If you don’t want any AI bots, then you can setup Anubis (open source; requires JavaScript to be enabled by the end user): https://github.com/TecharoHQ/anubis
Cloudflare automatically setups robots.txt file to block “AI crawlers” (but you can setup to allow “AI search” for better SEO). Eg: https://blog.cloudflare.com/control-content-use-for-ai-training/#putting-up-a-guardrail-with-cloudflares-managed-robots-txt
Cloudflare also has an option of “AI labyrinth” to serve maze of fake data to AI bots who don’t respect robots.txt file.

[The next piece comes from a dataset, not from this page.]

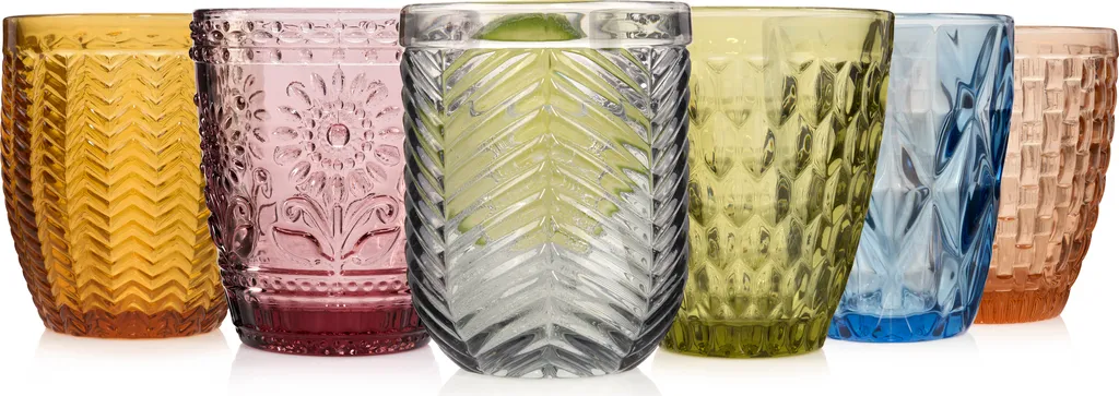 Moderne, bunte Trinkgläser, die aus einer anderen Zeit zu sein scheinen, in sechs, sorgfältig aufeinander abgestimmten Farben: Grün, Bernstein, Blau, Grau, Braun, und Lila werden Ihren gedeckten Tisch perfekt ergänzen. Dieses spülmaschinenfeste Wassergläser Set sieht nicht nur toll aus, es ist äußerst funktional, langlebig und robust

AHemlocksLie@lemmy.zip 1 month ago
Sv443@sh.itjust.works 1 month ago
Like a lock on a door, it stops the vast majority but can’t do shit about the actual professional bad guys
FreedomAdvocate@lemmy.net.au 1 month ago
Cloudflare definitely can and does stop the vast majority of actual professional bad guys.
tomjuggler@lemmy.world 1 month ago
Yes, CloudFlare blocks agents completely if they ignore it’s restrictions. The key is scale - CloudFlare has a birds eye view of traffic patterns across millions of sites and can do statistical analysis to determine who is a bot.

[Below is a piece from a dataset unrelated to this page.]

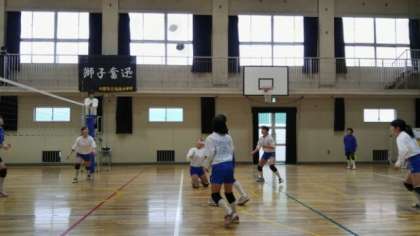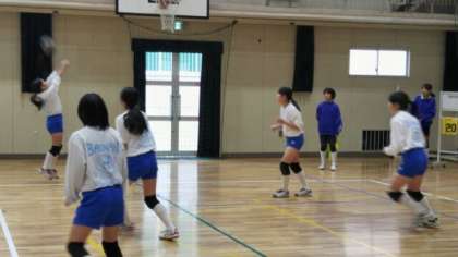 2月10日(土)、本校体育館に今宮小中一貫校を招いて練習試合をしました。第1セット、第2セットを連取した後の第3セットの様子です。このセットは、リードされたまま終盤を迎え、そのまま落としてしまいました。

I hate the necessity but it works
shane@feddit.nl 1 month ago
If you’re relying on Cloudflare are you even self-hosting?
CyberSeeker@discuss.tchncs.de 1 month ago
If you build a house, buy hire a guard for the front gate, do you even own the house?!
Impassionata@lemmy.world 1 month ago
If you use DNS at all, do you even own your street address!?!?
sudoer777@lemmy.ml 1 month ago
Yes if it’s tunneled to your self-hosting setup. With CGNAT you have to use similar services if you want to self-host.